Так что постараюсь рассказать обо всем, насколько точно позволит мне моя память, чтобы вы узнали истину и поверили в рассказанное и знали о тех людях, кто достоин высочайшей похвалы. Не стану упускать ничего, чтобы рассказать о причинах подобных дискуссий, так чтобы мы могли расположить все услышанное в должном порядке, придя к нужным выводам.
2. На склонах Апеннин, повернутых к Адриатическому морю, почти в центре располагается (как всем известно) небольшой город Урбино. Менее благоприятно, чем другие виденные нами города, располагаясь среди гор, он наделен такой благодатью небес, что вокруг него местность весьма плодородна и урожайна. Так что кроме целебного воздуха, здесь в изобилии имеется все, что нужно человеку для его жизнедеятельности.

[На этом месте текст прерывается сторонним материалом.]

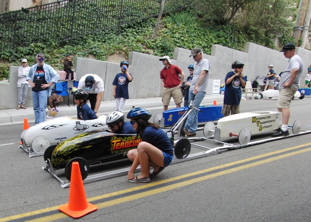 Modern Soap Box Derby racers at the La Canada Soap Box Derby in California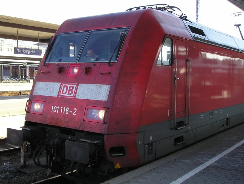 101 116 at Nürnberg Hbf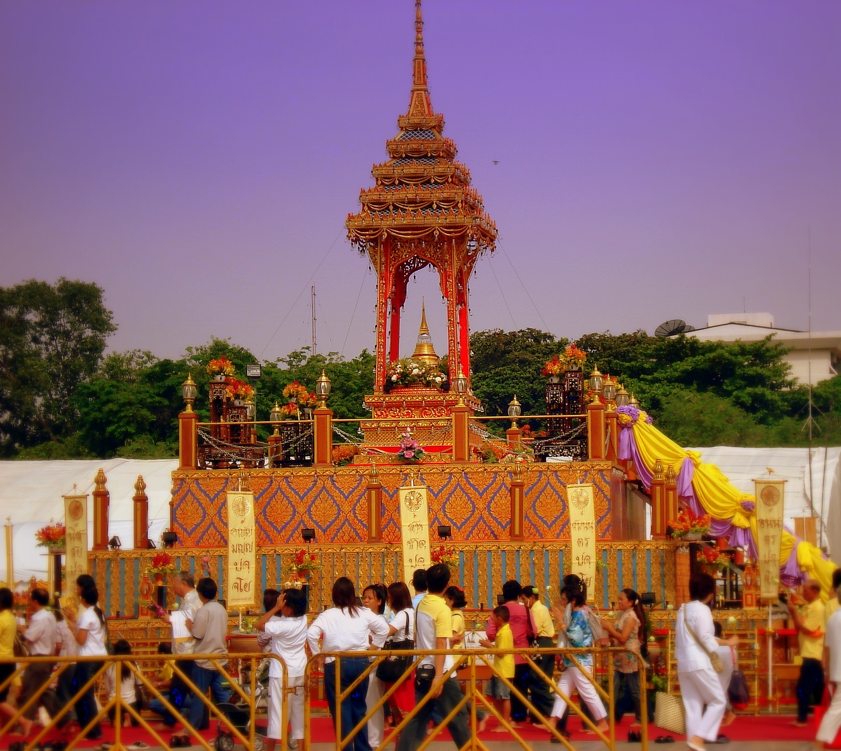 Buddha's relics altar on Wesak Day in Sanam Luang, Bangkok, Thailand

Среди всех дарованных небесами благодеяний, думаю, главным является длительное управление этой землей лучшими из правителей. Хотя Италию и захватывали масштабные войны и всяческие беспокойства, здесь избежали подобных напастей. Для примера не нужно идти далеко, просто воздадим должное славной памяти герцога Федерико, в свои дни бывшего светочем Италии, что подтверждают многие свидетели, заслуживающие доверия. Они до сих пор живы и рассказывают о его благоразумии, человечности, справедливости, либеральности, несравнимом мужестве, а также о его военной доблести.
Последнее качество подтверждается его многочисленными победами, захватом неприступных мест, неожиданной быстротой проведения походов. Не раз он с небольшими силами одерживал победу над сильным и грозным врагом, удачно избегая потерь, так что мы вполне справедливо сравниваем его с известными людьми прошлого.

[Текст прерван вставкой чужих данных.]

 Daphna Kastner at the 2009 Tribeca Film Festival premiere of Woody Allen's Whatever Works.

Среди других его достойных похвалы деяний отметим постройку в труднодоступной части Урбино одного из красивейших дворцов Италии. Он настолько прекрасно оснащен всем необходимым, что кажется городом в виде дворца. Здесь находятся не только обычно встречающиеся в подобных сооружениях серебряные вазы, богатые занавесы из золота и серебра, но и бесчисленные античные статуи, выполненные в мраморе и бронзе, картины, свидетельствующие об утонченном вкусе, музыкальные инструменты всех видов и превосходного качества. Он также приобрел множество превосходных и редких книг на греческом, латинском и еврейском. Затем повелел украсить их золотом и серебром, добавив великолепия его великому дворцу.
3. Развиваясь, как того пожелала природа, и достигнув шестидесяти пяти лет, он умер так же благородно, как и жил, оставив в качестве своего преемника маленького мальчика девяти лет, потерявшего мать. Наследник трона оказался и наследником всех добродетелей своего отца, вскоре его благородная натура проявилась так, что он обещал вырасти в весьма примечательного человека, качества которого вовсе не свойственны всем смертным.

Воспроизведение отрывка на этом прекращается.